11 de des. 2019

la "metáfora"

Nicolás Olivari
poeta argentino
1900-1966“Eliseo comenta entusiasmado: ¡En Buenos Aires todo el mundo lee! Es increíble. En los parques, en los cafés, en los colectivos. Hasta los malevos leen, y los cirujas, desde luego. Me crucé con uno que llevaba en la carretilla una especie de biblioteca portátil.

¿Son para revender?, pregunté.

Son para leer, señor, dijo él.

Tomé un taxi. Me preguntó a qué me dedicaba, y yo dije que era librero y que había venido a aprender a Buenos Aires. Un ciruja precisamente acababa de darme una lección. Eso le gustó, claro. Aquel taxista empezó a hablar de los escritores que había conocido por su oficio. Y me di cuenta de que aquel relato, el del taxista, iba a ser un libro en movimiento. El viaje era el libro y el taxista, por así decir, estaba ya escribiéndolo en el aire para mí. ¿Quién le ha impresionado más?, pregunté. Chascó la lengua tres veces, y dijo: Sin duda, Roberto Arlt.  Sabés cómo lo conocí? Me pagó el viaje con una novela. Yo llevaba poco tiempo, era un pibe todavía, y subió ese tipo, bien vestido y desaliñado a la vez, el cabello con vida propia. Al principio pensé que era un músico, uno de esos compositores geniales que arman una sinfonía con una tormenta, eso pensé, era verano, y la noche anterior había sido tremenda, justo se habían caído las vigas del cielo de Buenos Aires, y dije, este también ha caído del cielo, pero no.

Dijo:

Me llamo Roberto Godofredo Christophersen Arlt, nací bajo la conjunción de Saturno y Mercurio, una fortuna astrológica que todavía no me ha sido ingresada.
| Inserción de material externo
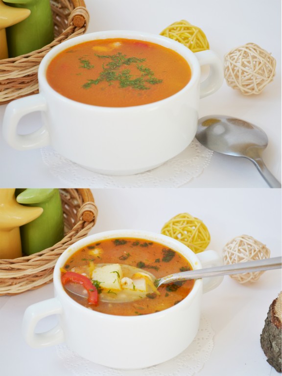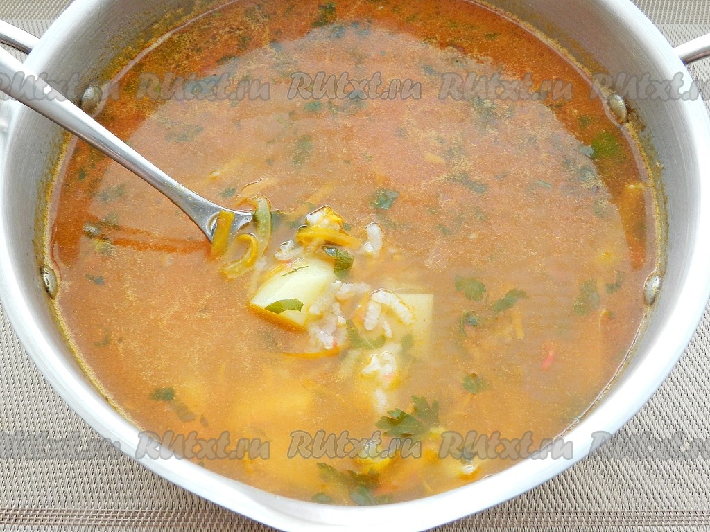 Вкусный и ароматный суп с рисом и помидорами готов.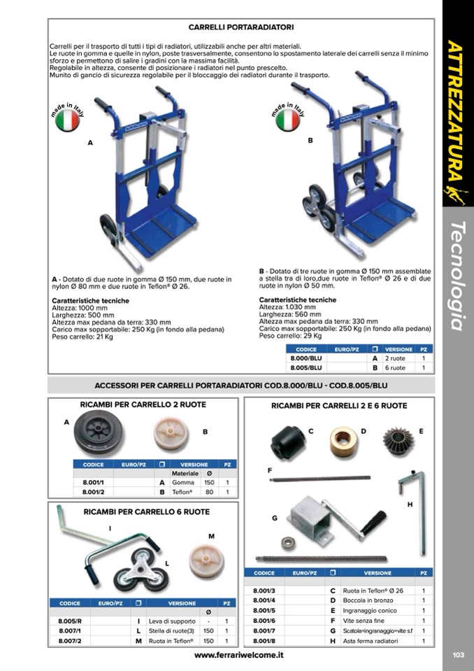 ACCESSORI PER CARRELLI PORTARADIATORI COD.8.000/BLU - COD.8.005/BLU
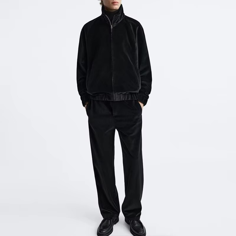 Veste bomber en velours noir de style universitaire, col montant, veste d'hiver pour hommes et femmes, logo personnalisé en gros OEM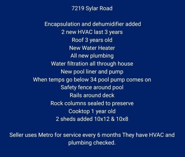 Don't miss out on this home, with lots to offer. Bring your chickens to live on this 2 acre homestead with 2 storage buildings and close to I75 and Cambridge square.In 5 or less years these new things have been added... new roof, 2 HVAC, pool liner, pump, cleaner, hot water heater. The crawl space is encapsulated and includes a dehumidifier. All plumbing has been replaced and has a water filtration system through out and more. Come see this 4 bedroom 2.5 bath home with 2650 sq ft today.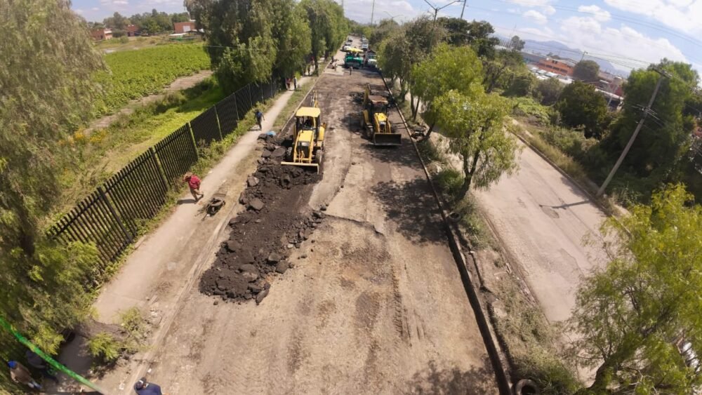 Este miércoles en la avenida Jiménez Gallardo ya se cuenta con dos retroexcavadoras, siete camiones de volteo, una fresadora y demás maquinaria para cumplir con el acuerdo de bacheo, labores en las que se aplicarán 205 toneladas de mezcla asfáltica en una superficie de 1,170 m2.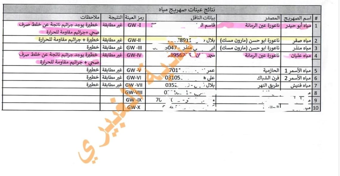 وما قامت به بلدية الغبيري ليس إلا عينة صغيرة من واقع أكبر ومخيف، حيث بادرت بإجراء فحوص لمياه الصهاريج في المنطقة وكانت الصدمة. تبين أن 7 عينات من 10 لمصادر المياه التي توزع بواسطة الصهاريج ضمن نظاق بلدية الغبيري هي ملوثة وغير مطابقة للمواصفات وتحوي جراثيم خطيرة مع وجود جراثيم ناتجة عن اختلاط بالصرف الصحي ومنها جراثيم مقاومة للحرارة.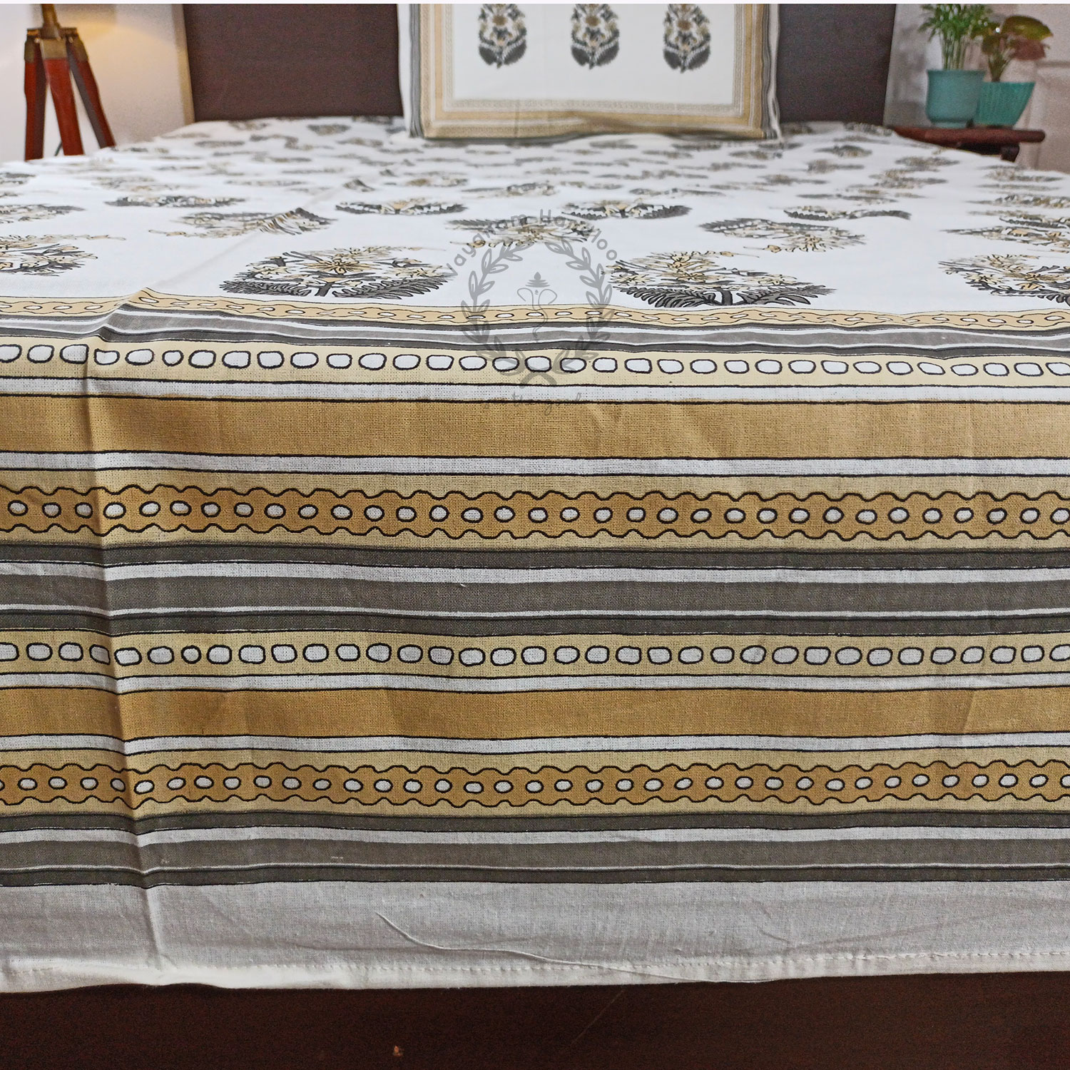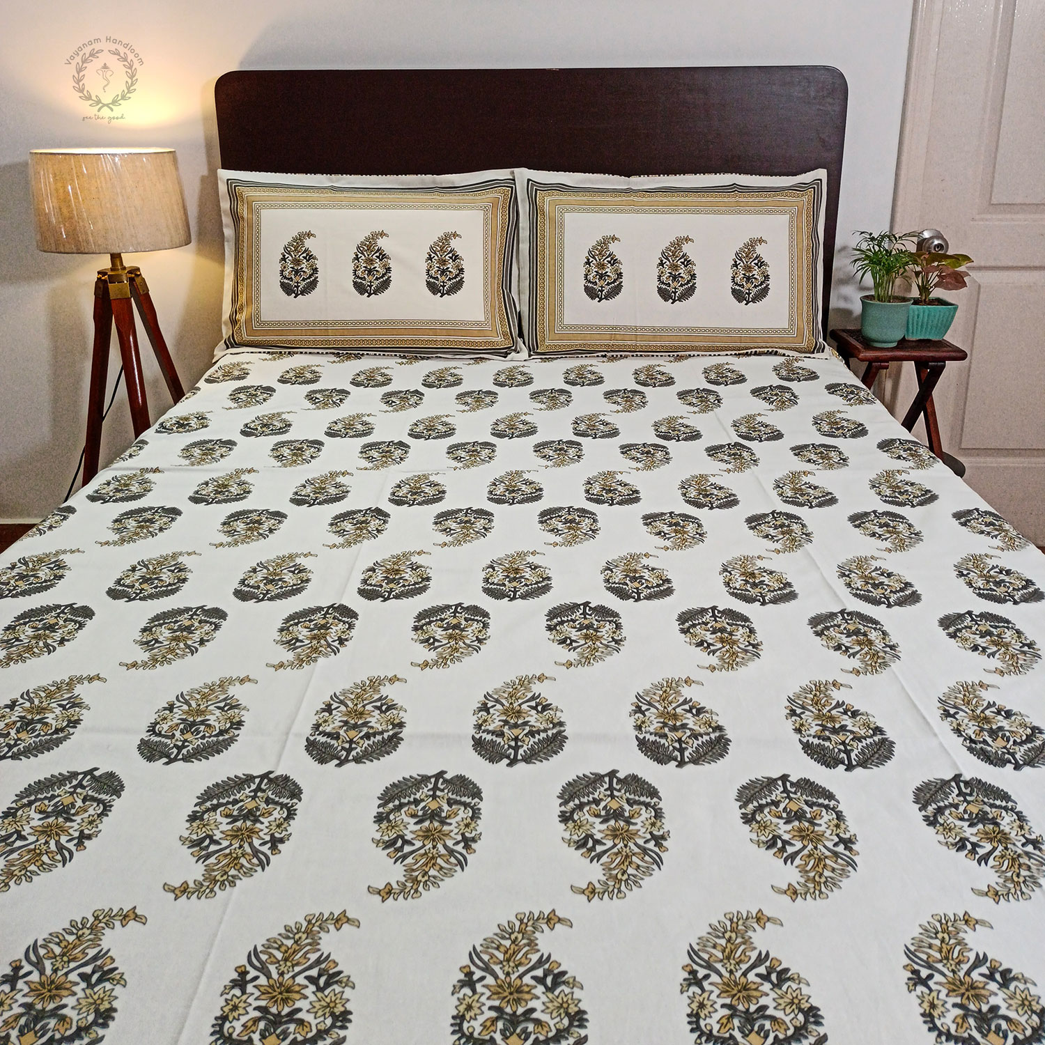 Shudham Collection- Hand block cotton bedsheet in white,grey and yellow paisley motifs

No tengo un peso: ¿podría pagarte con una obra maestra?

Y me dio un ejemplar de Los siete locos. La primera novela que leí, ¿viste?, contó ufano el taxista. Le pregunté qué había que hacer para escribir una novela y, cuando esperaba un discurso teórico, me sorprendió por la precisión: Perder quince kilos de peso, fumar ochenta atados de tabaco y tomar tres mil litros de café. No era ningún chalado. Era un reloj con la hora adelantada. Me convenció su tesis de la mentira metafísica. En eso estamos, ¿no?

¿En qué?

¡En la mentira metafísica, che!

El taxista me llevaba a la Avenida de Mayo. Yo entonces dormía en la librería de Sabbatiello. Era una fonda popular aquella librería. Después de la guerra, muchos exiliados hallaban allí un primer refugio. ¡Un lugar hospitalario! El viejo Sabbatiello me recomendaba siempre el rincón de las enciclopedias. ¡Daban buen dormir para un hijo natural de la Revolución francesa!

Eliseo hizo una pausa buscando con la mirada la complicidad histórica de Amaro, que tenía el asentimiento corporal de un remero en tierra. No lo toméis a broma. Lo de «hijo natural de la Revolución francesa» no era una filigrana oratoria del fiscal, sino que surtía un efecto fatídico en los juicios sumarísimos de los tribunales fascistas. Hay momentos históricos en que las palabras tienen plomo, matan. Eso ocurrió aquí, en esta ciudad. No había ningún cargo verosímil. Fusilaron al alcalde y a los suyos, la gente honrada, demócrata, ilustrada, por culpa de una metáfora.

¿Qué es la mentira metafísica?, pregunté.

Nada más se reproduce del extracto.